The Honda Fit’s unique take on compact car styling, functionality and packaging hits you square in the face before you take your seat within its cheerful little body. The doors opens ultra-wide, and a massive aperture presents itself with room galore around the seat, which sits low in the cabin, with room to spare in every direction around it. The floor is surprisingly low in the Fit’s body, enhancing the door opening size, which itself also stretches high above the seat. And the door, and the sill into which it closes, are both relatively thin – again taking up less room and leaving more space for getting in and getting out.

So, from the very process of boarding the Fit with space galore, and hardly any need for even very tall passengers to duck, it feels a bit different for a compact car. Strange. Foreign. Like the stuff they play on the CBC at 4am.

From the driver’s seat, there’s more uniqueness related to the driving position on account of Honda’s interior packaging wizardry. Headroom is abundant, even for occupants well north of 6 feet tall. You sit up close to the Fit’s front, surrounded by tall glass, for great outward visibility. Here’s a compact car that’s tremendously easy to see out of, easy to position, and one that makes it easy to keep aware of your surroundings.

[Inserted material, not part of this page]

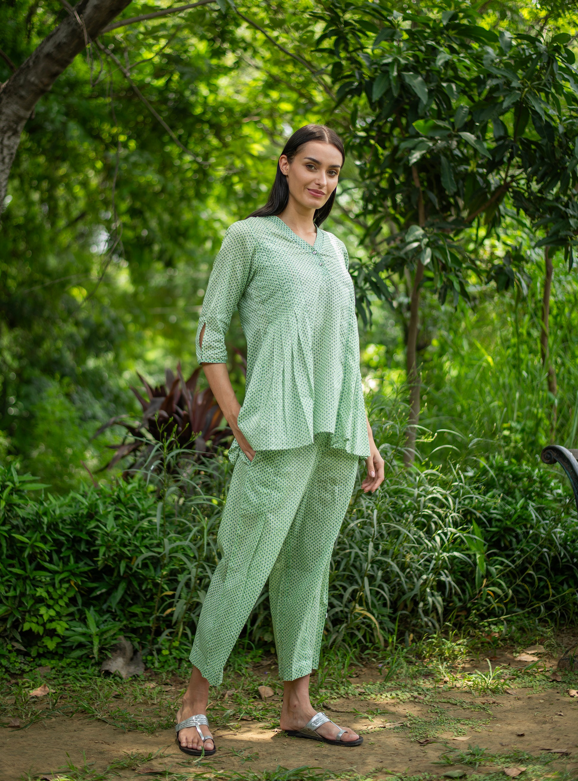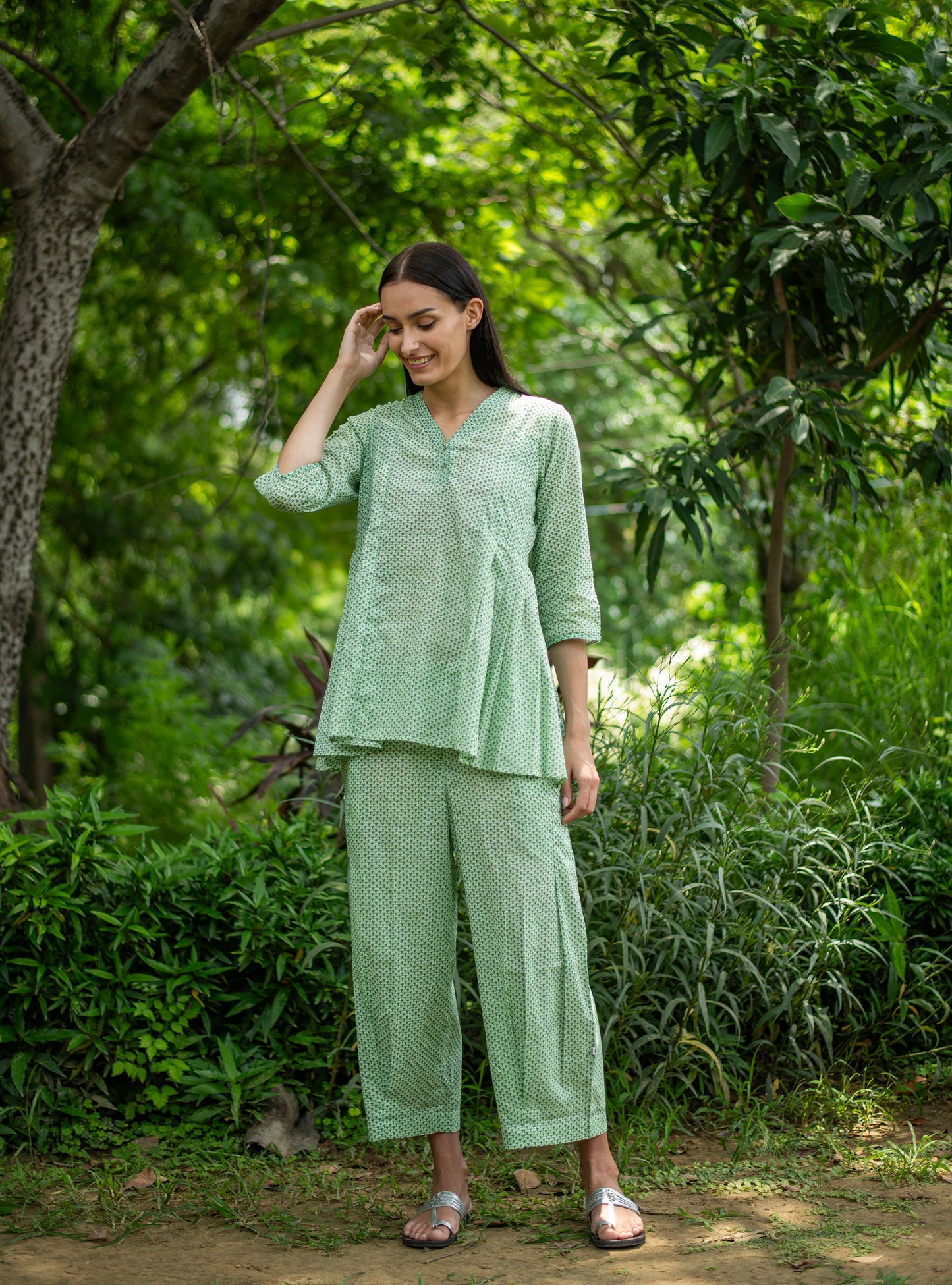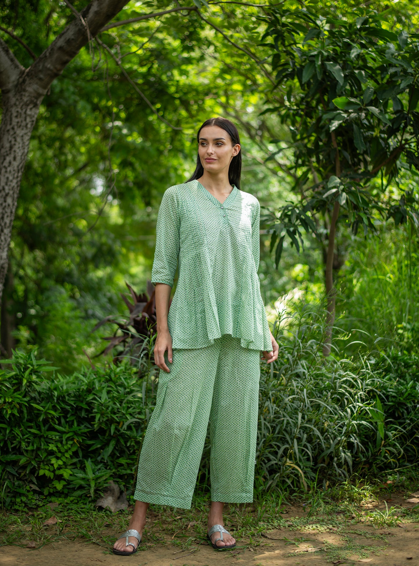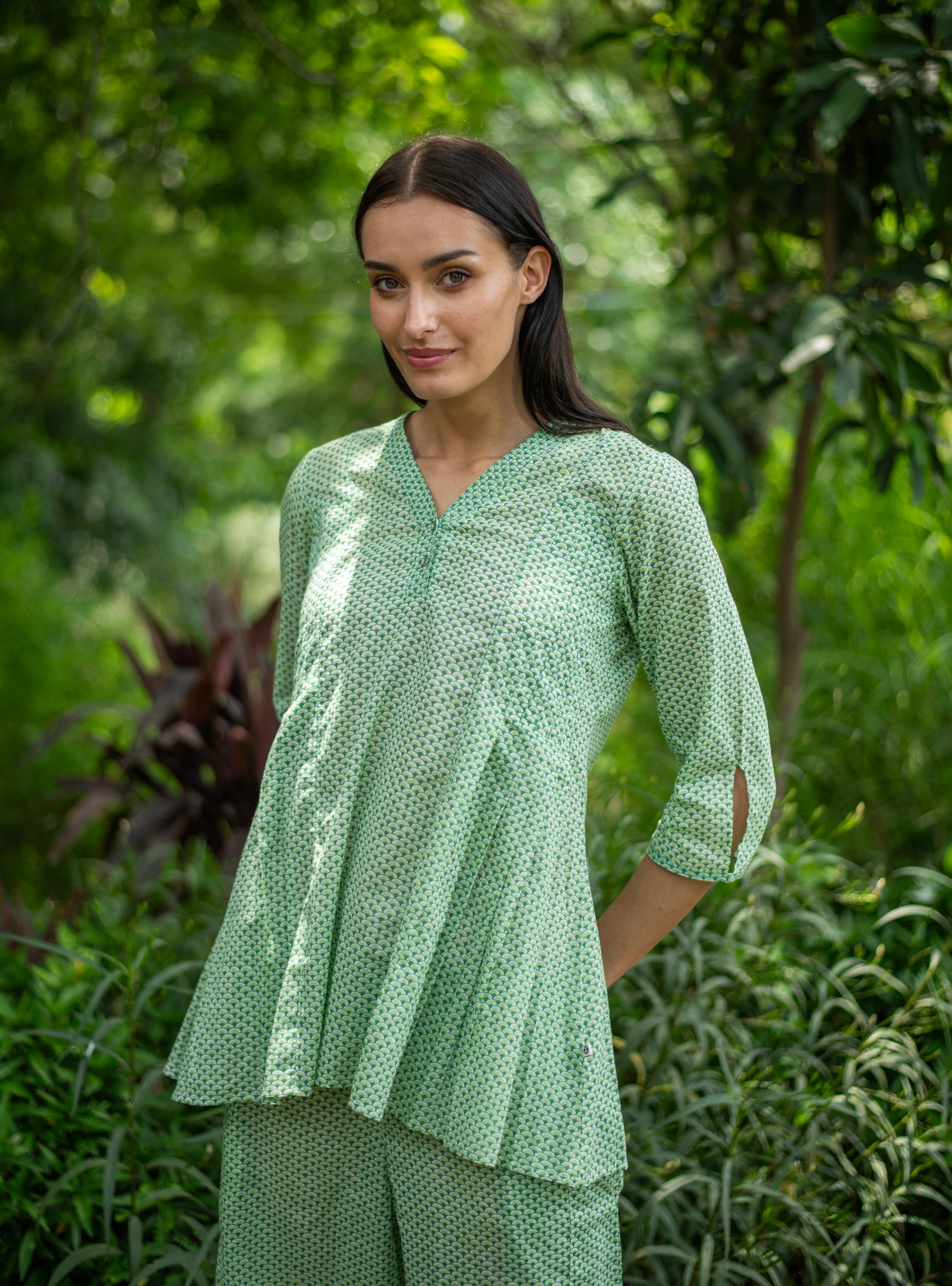 Designed for easy wear for warmer days with a flattering cut, the fit is comfortable and features a scale print that brings a bit of texture to subtle levels. Light colour and tastefully graceful, it's an all-around versatile piece for your wardrobe.

Add in the tight turning circle, and the Fit is a bit of a parking-lot sniper-attack ninja: ready to suddenly pounce into any space it likes. Sorry, Camry-lady! This space is mine! The wide-angle, high-definition back-up camera helps making reversing into or out of a space easy, too.

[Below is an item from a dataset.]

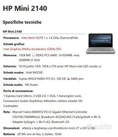 computer mini HP 2140 con piccolo segno vicino alla tastiera come in foto Specifiche in foto
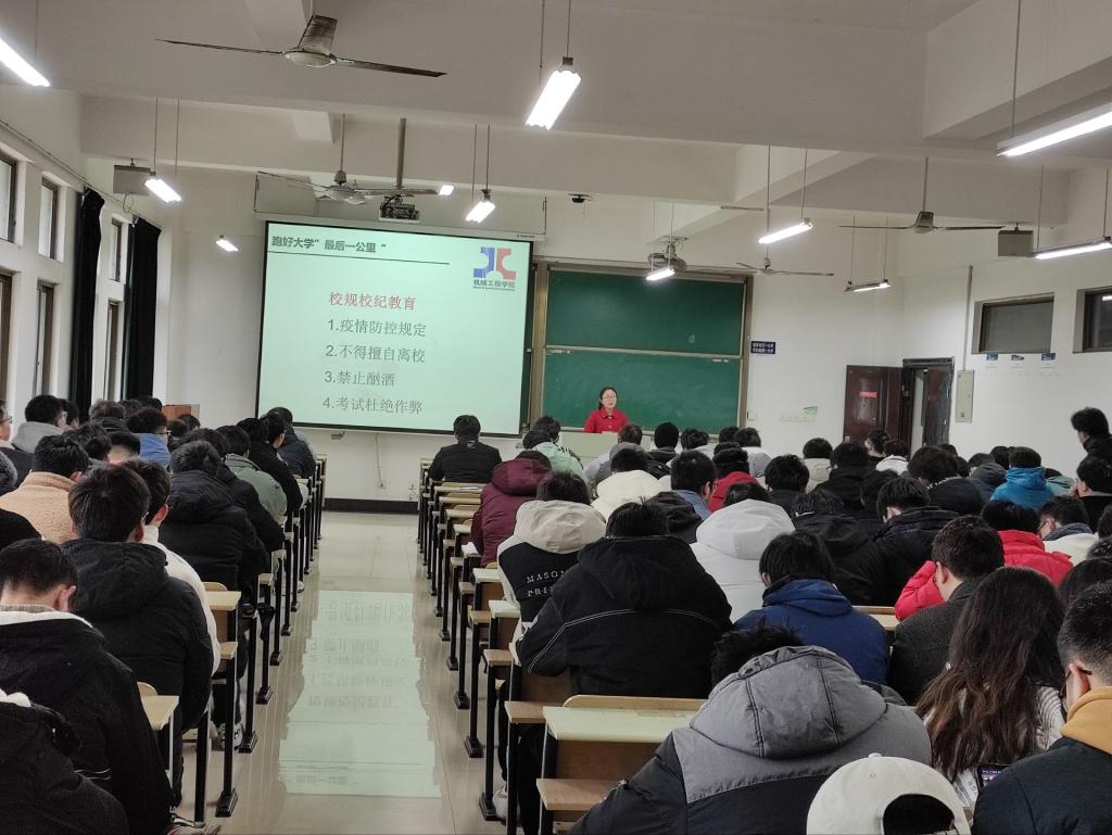 在机械楼分场次召开了毕业生大会,开展“毕业远航教育”,大会分别由学院毕业班辅导员张敏和章军主持。

Honda’s clever design and interior packaging does even more for the Fit’s rear quarters – the flexibility and size of which arguably comprise one of the most compelling parts of the car. The cargo floor is low, and since the back half of the Fit is shaped like a box, every inch of the stretched-to-the-edges cargo hold is usable. Even taller items will fit with ease, and the seatbacks fold down, full-flat, lickety split. There’s room in abundance for a weekend worth of camping gear, a full load from Costco, or a trip to my favorite place in the whole wide universe, Ikea.